Normal (left) and infrared (right) views of the playground at Auburn Park, NSW.

Normal (left) and infrared (right) views of the playground at Auburn Park, Auburn.

Designing with ‘thermal mass’ in mind.

Plastics, rubber, steel, timber, concrete, artificial grass, even natural grass. All building materials have a thermal mass. Without getting too deep into the science, this refers to the way they absorb and store ambient heat. The higher the thermal mass, the more heat a surface or structure will retain. Conversely, the lower the thermal mass, the cooler the item will remain.

From the perspective of designing public outdoor structures, the implications of this are huge. It’s another reason why we strongly advocate using natural materials such as hardwood timbers as much as possible. Unlike most traditional building materials, hardwood timber has a low thermal mass. As a result, it retains far less heat than plastics, steel and concrete – even in direct sunlight – reducing both surface temperatures and burn risks.

Increasing thermal comfort.

Designing with materials like timber to create cooler outdoor structures is great news for public safety. But, together with ensuring adequate shade and amenities are available, it can also help to make community spaces far more comfortable and inviting, directly increasing usage rates. Better still, it can help to extend the usable daytime hours of outdoor structures – even at the height of summer – which is especially important as our cities continue to grow, and warm.

“Encouraging and supporting outdoor play is particularly important today, where the daily time interval children are engaging in physical activity is contracting. However, the lack of shade and hot playground equipment make it unsafe for children to enjoy playgrounds in summer. This situation is particularly problematic in times where summer heat is increasing … which already limits the time for safe outdoor play. Now more than ever is it necessary to start building climate-smart playgrounds.” says Associate Professor Sebastian Pfautsch.

Shade of a mature gum tree cooling the surface temperature of turf, concrete and bark mulch (Colquhoun Park, NSW, 16 January 2021)

Ready to talk timber?

Perhaps unsurprisingly, when we contacted Associate Professor Pfautsch for this article, he was very keen to sing the praises of timber. “I fully support the use of wisely-resourced timber over metal, plastic and concrete.” But he also added a word of caution. “Wooden surfaces should not be painted in dark colours or varnishes, as it can take away the advantages of lower thermal mass and lower thermal conductivity, and you can get contact burns again.”

These are all critical considerations – and things Fleetwood factors into every outdoor structure we design and deliver.

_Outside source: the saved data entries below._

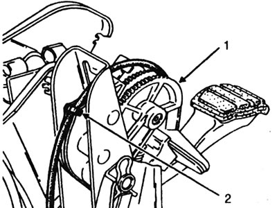 2.4b. Месцазнаходжанне тросіка на зубчастым сегменце рэгулятар: 1 - Зубчасты сегмент; 2 - Накіроўвалая.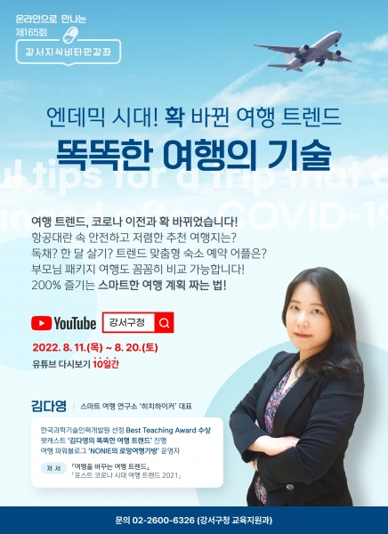 [금요저널] 가장 안전하고 나에게 딱 맞는 여행지는 어디일까? 서울 강서구는 제165회 온라인 강서지식비타민 강좌 ‘똑똑한 여행의 기술’을 개최한다고 밝혔다.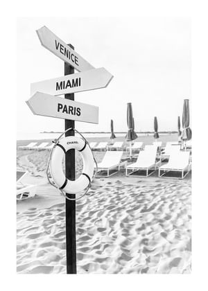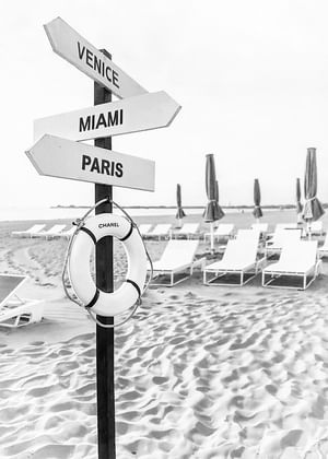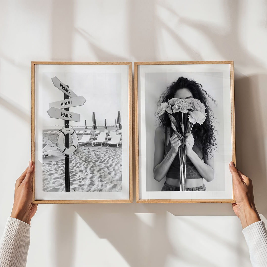 Deze Coco Chanel-posters met naadloos patroon creëren een gevoel van dualiteit en een stijlvolle esthetiek. Op een van de afbeeldingen is een vrouw te zien die haar gezicht gedeeltelijk bedekt met bloemen en een Coco Chanel-armband draagt, terwijl op de andere een strand is afgebeeld met borden die naar iconische steden verwijzen. Deze posters stralen subtiele elegantie uit en voegen een vleugje internationale charme en tijdloosheid toe aan elke kamer.

Timber or otherwise.

If you’re interested in exploring the possibilities for using hardwood timber on your next project, please contact us today.

 

Beware the ‘Trojan Effect’

The cooling and UV-blocking effects of shade are critical to safer playgrounds. However, Associate Professor Pfautsch and his research team also found that when shade is absent, using light-coloured materials to keep surface temperatures down can produce an unwanted ‘Trojan Effect’. This refers to the observation that while surfaces with high reflectivity will have lower surface temperatures, they can lead to a reduction in thermal comfort as reflected radiation increases the ‘feels like’ temperatures.